● **EXERCISE**: Reproduce exactly, and solely, the lines running from the top of the data below through the line with "The guest of", both inclusive. Omit pictures.

=== SOURCE DATA ===

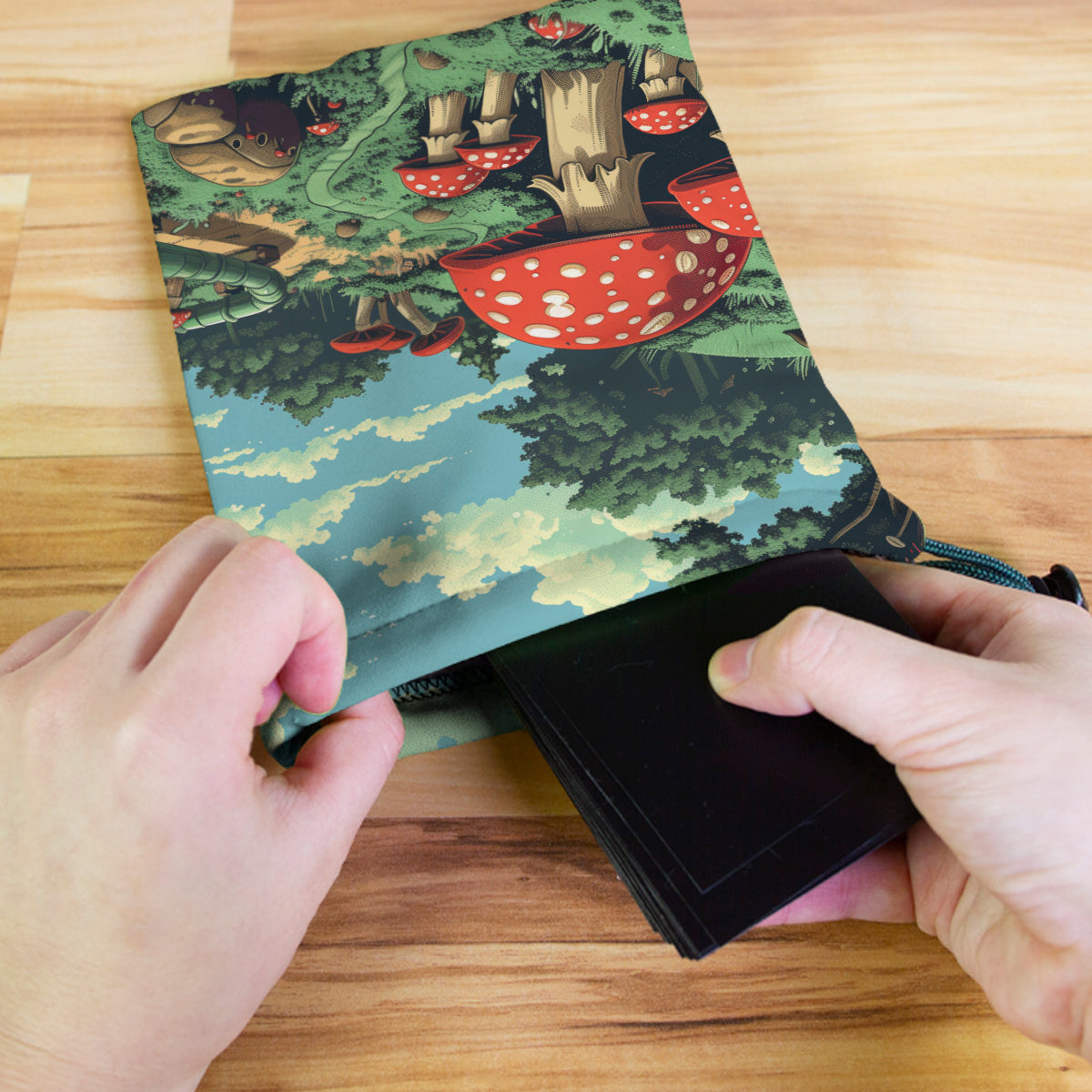 Always gaming on the go? Carry everything you need and more using our specially crafted dice bag. But this bag is designed to hold more than just dice. We make it so you can carry other essential accessories and gear with your dice, including deck boxes, life counters, extra sleeves, and pens. Quality is just as important as quantity, which is why our dice bags are crafted using premium material as well. Featuring a soft inner lining and microfiber on the inside and vibrant pre-designed artwork on the outside, our dice bag has an amazing look and feel to it!
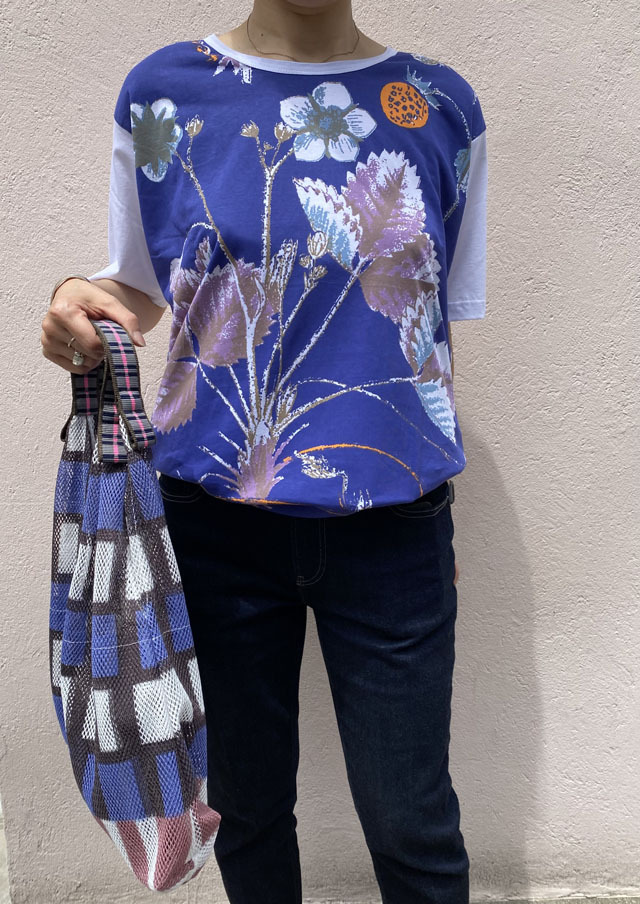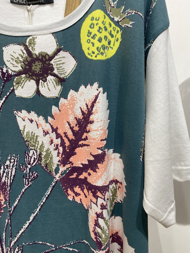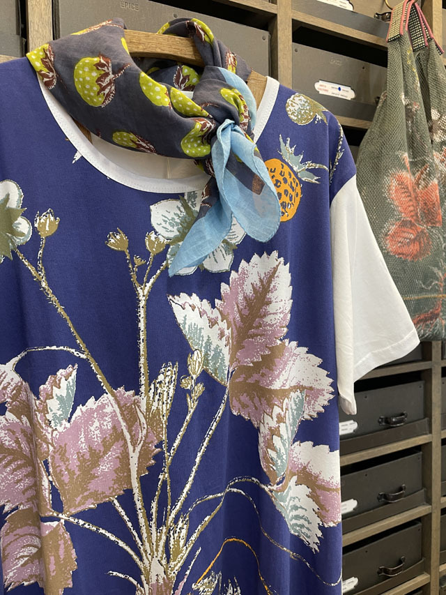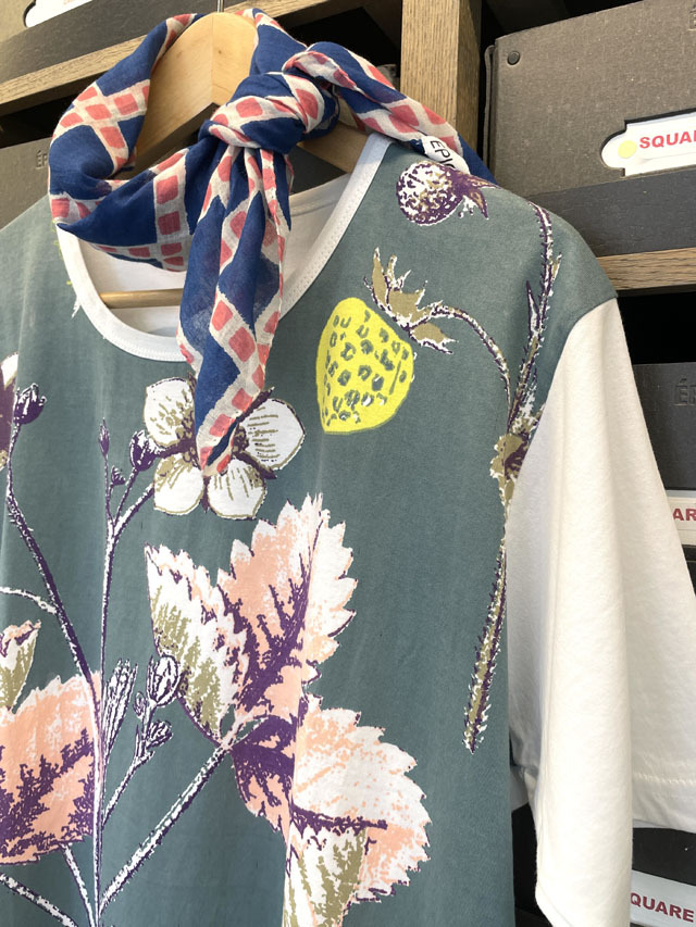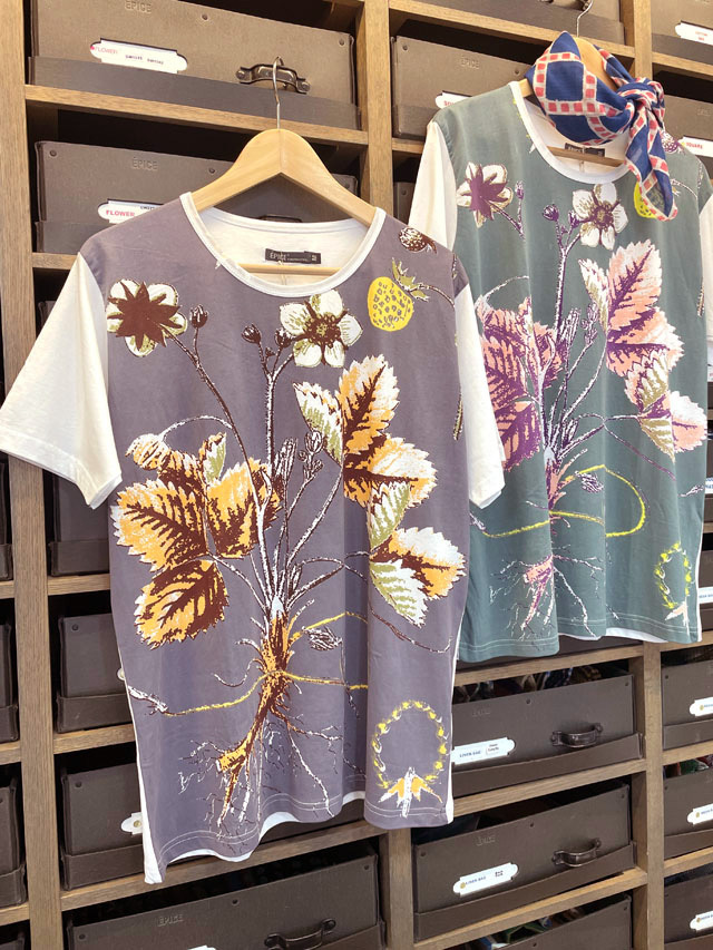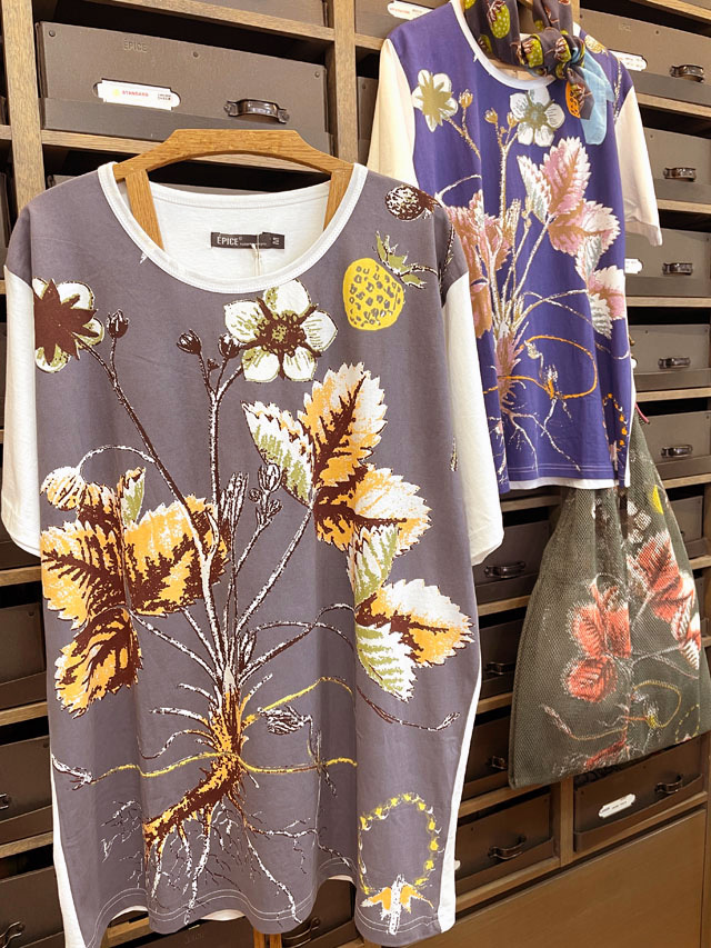 エピスの『Tシャツコレクション』は、肌触りの良い良質のコットン100%の生地に、エピスならではの色柄がハンドプリントされています。生地に適度な厚みがあるため、身体のシルエットがひびかず、1枚で着て様になります。柄は、『北欧の風薫る季節―豊かな森の木の果実』から、木苺の柄。古い植物図鑑風なタッチで、森に自生する木になる果実の美しい形状、枝葉の力強さが新鮮です。
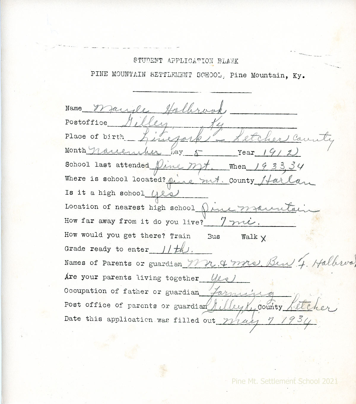 [004] May 7, 1934. STUDENT APPLICATION BLANK for Maude Holbrook, Gilley, Ky,
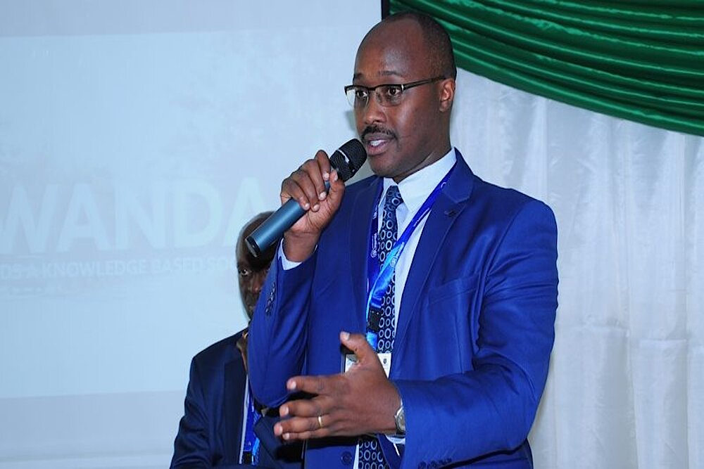 The guest of honour, the Deputy Vice Chancellor in charge of Administration and Finance in Rwanda Polytechnic, Dr. Alex Luberwa acknowledging the role of stakeholders
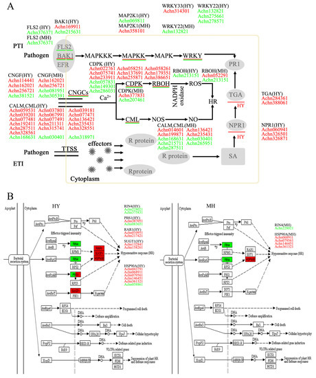 The increase in the cytosolic Ca2+ concentration is also a regulator for production of reactive-oxygen species and localized programmed cell-death/hypersensitive response. The plant cyclic nucleotide gated channel (CNGF) is an important part of plant hypersensitivity. The channels can participate in the regulation of Ca2+ internal flow [30,31]. Six genes encoding the cyclic nucleotide gated channels were assessed in two varieties. Four of six genes were found to respond to Psa in HY and MH, respectively, and three genes were up-regulated in HY (Figure 4A). In particular, Achn162021 and Achn256721 were up-regulated in both varieties after Psa infection. More genes encoding these cyclic nucleotide gated channels were up-regulated in HY after Psa infection. Meanwhile, Ca2+ when combined with a calcium-binding protein (CML) produces NO, which further promotes plant-hypersensitivity responses or autoimmune reactions [32]. We found 23 homologs of CML that were responsive to Psa in HY and MH. Notably, 16 of 19 genes were found to be up-regulated in HY, while 5 of 9 genes were down-regulated in MH. Two genes (Achn136421, Achn235431) were up-regulated higher in HY than in MH, and another two genes (Achn168631, Achn030401) were down-regulated in both varieties. Interestingly, Achn287511 was three-fold up-regulated in HY, while three-fold down-regulated in MH. This showed that more homologs of CML were responsive to Psa in HY than in MH, and the expression of most homologs was increased in HY after Psa infection.
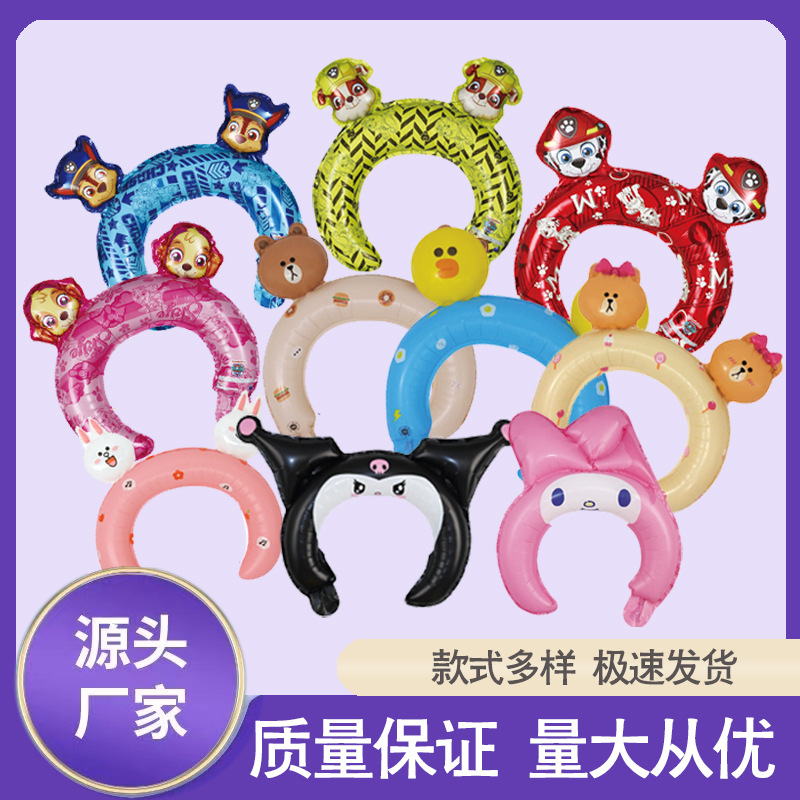Hiasan kepala hewan kartun Hari Anak, balon dorong hadiah balon telinga kelinci bando cetakan balon
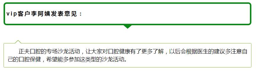 正夫口腔的专场沙龙活动,让大家对口腔健康有了更多了解,以后会根据医生的建议多注意自己的口腔保健,希望能多参加这类型的沙龙活动。正夫口腔一直积极参与社会公益活动,定期举办各种口腔专业知识讲座。正夫口腔需要表达的不仅是一个品牌,更是一种责任。添置先进的医疗设备和材料都是希望能让深圳市民享受到舒适化、数字化、专业化的齿科服务。正夫口腔,为您的口腔健康保驾护航,争取提供更优质的口腔服务!

===

● **FINISHED TASK**:
 Always gaming on the go? Carry everything you need and more using our specially crafted dice bag. But this bag is designed to hold more than just dice. We make it so you can carry other essential accessories and gear with your dice, including deck boxes, life counters, extra sleeves, and pens. Quality is just as important as quantity, which is why our dice bags are crafted using premium material as well. Featuring a soft inner lining and microfiber on the inside and vibrant pre-designed artwork on the outside, our dice bag has an amazing look and feel to it!
 エピスの『Tシャツコレクション』は、肌触りの良い良質のコットン100%の生地に、エピスならではの色柄がハンドプリントされています。生地に適度な厚みがあるため、身体のシルエットがひびかず、1枚で着て様になります。柄は、『北欧の風薫る季節―豊かな森の木の果実』から、木苺の柄。古い植物図鑑風なタッチで、森に自生する木になる果実の美しい形状、枝葉の力強さが新鮮です。
 [004] May 7, 1934. STUDENT APPLICATION BLANK for Maude Holbrook, Gilley, Ky,
 The guest of honour, the Deputy Vice Chancellor in charge of Administration and Finance in Rwanda Polytechnic, Dr. Alex Luberwa acknowledging the role of stakeholders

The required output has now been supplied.